Perhaps the idea of disruptive innovation needs to be refined. It could be that disruptive innovation only happens at the mid-range of the market. Even when Silicon Valley is attuned to Clayton Christensen's proper meaning of disruptive innovation, it nevertheless misunderstands that the top range does not always get disrupted. For example, the smartphone represents advancement in telephony, but is an inferior, cheaper computer; the smartphone thus represents sustaining innovation in one sector and disruptive innovation in another. But the smartphone challenges neither the upper range of the market in telephony nor in computers, which is the domain of satellite phones and supercomputers.
The venture capitalist Peter Thiel's notion of disruption in education is that college is obsolete. That sounds like a radical downsizing of educational expenses, and thus might exemplify Christensen's concept of "disruptive innovation". But it turns out that Thiel's advice only applies to students like Mark Zuckerberg, the very cream of the cream -- and only in the tech sector. Meaning: Thiel's intriguing proposal would only apply to future tech billionaires, the very high-end niche of the education market. That is a bit like a Tesla roadster or a supercomputer.

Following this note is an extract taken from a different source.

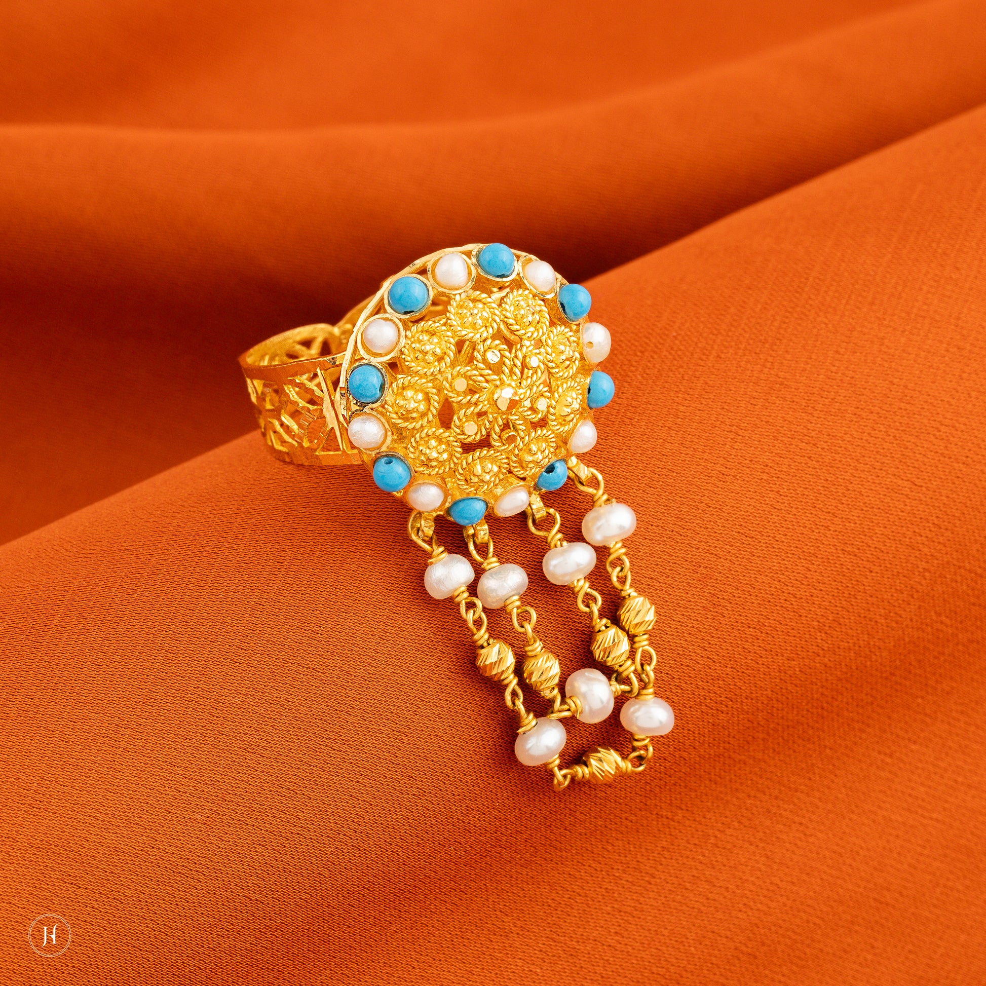 This 21K yellow gold florals Bahraini traditional ring bordered by pearls and turquoise. This ring is a luxurious statement piece, perfect for special traditional occasions.

The world is enthralled with Silicon Valley, but perhaps a touch of realism might give us a better perspective. BBC News did a profile of an American businessman who said that he spent the first ten years of his worklife making products for which there is no real market, that nobody would ever want what he was making. He then said that half the startups in Silicon Valley are likewise making products that nobody will ever want to buy. It is a sobering thought.
It's also a shocking thought that if something like the Boring Company were to conform to the idea of disruptive innovation and create low-cost underground cities, then the colonization and terraforming of Mars would become an afterthought to the development of cities in the deserts of the southwestern United States. Musk's bold ideas would be even more transformative than he envisions.